The current environment almost is reminiscent of the aftermath of the dot-com rush in the late 1990s, the firm said. In spite of the tremendous hype surrounding the colocation market, European businesses still are reluctant to entrust mission-critical operations to outsourcing facilities.
Customer demand for outsourcing also has slowed, and a number of data centers have curtailed their expansion rates.
“Nevertheless, colocation is an excellent hosting alternative providing an extremely fast solution to space and power supply problems,” said Marina Martin, analyst at Frost & Sullivan. “A rapidly growing number of traditional bricks-and-mortar companies are Web-enabling daily functions to reduce costs and enhance productivity.”
A rash of companies are realizing that colocation enables them to define and adhere to core competencies. However, the real challenge for colocation providers lies in surviving the economic downturn by generating revenue quickly to compensate for the current glut of data centers.

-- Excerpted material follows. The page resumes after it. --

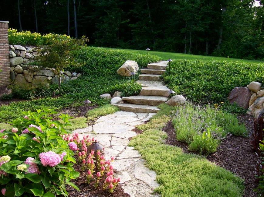 Если тебе достался участок со склонами, не спеши сгладить его всеми возможными методами – это идеальная база для альпийского стиля. Помимо того, что он очень живописный, он еще и неприхотлив, потому что для посадок используются нетребовательные многолетники. В оформлении используется много камня: дорожки, ограды, клумбы, ручьи и мостики, опоры, отсыпки и другие сооружения.

Frost & Sullivan predicts colocation revenues in Europe will leap from $275 million this year, to $2.6 billion in 2007. The aggressive roll out of data centers across Europe in 1999 and 2000 hinged upon the willingness of investors to inject cash into colocation facilities, the majority of which are unlikely to become profitable before mid-2002, the study said.
The study suggests third-generation network operators, which have spent billions on spectrum, could capitalize substantially on the use of networked colocation data centers, rather than rolling out and bearing the cost of the infrastructure themselves.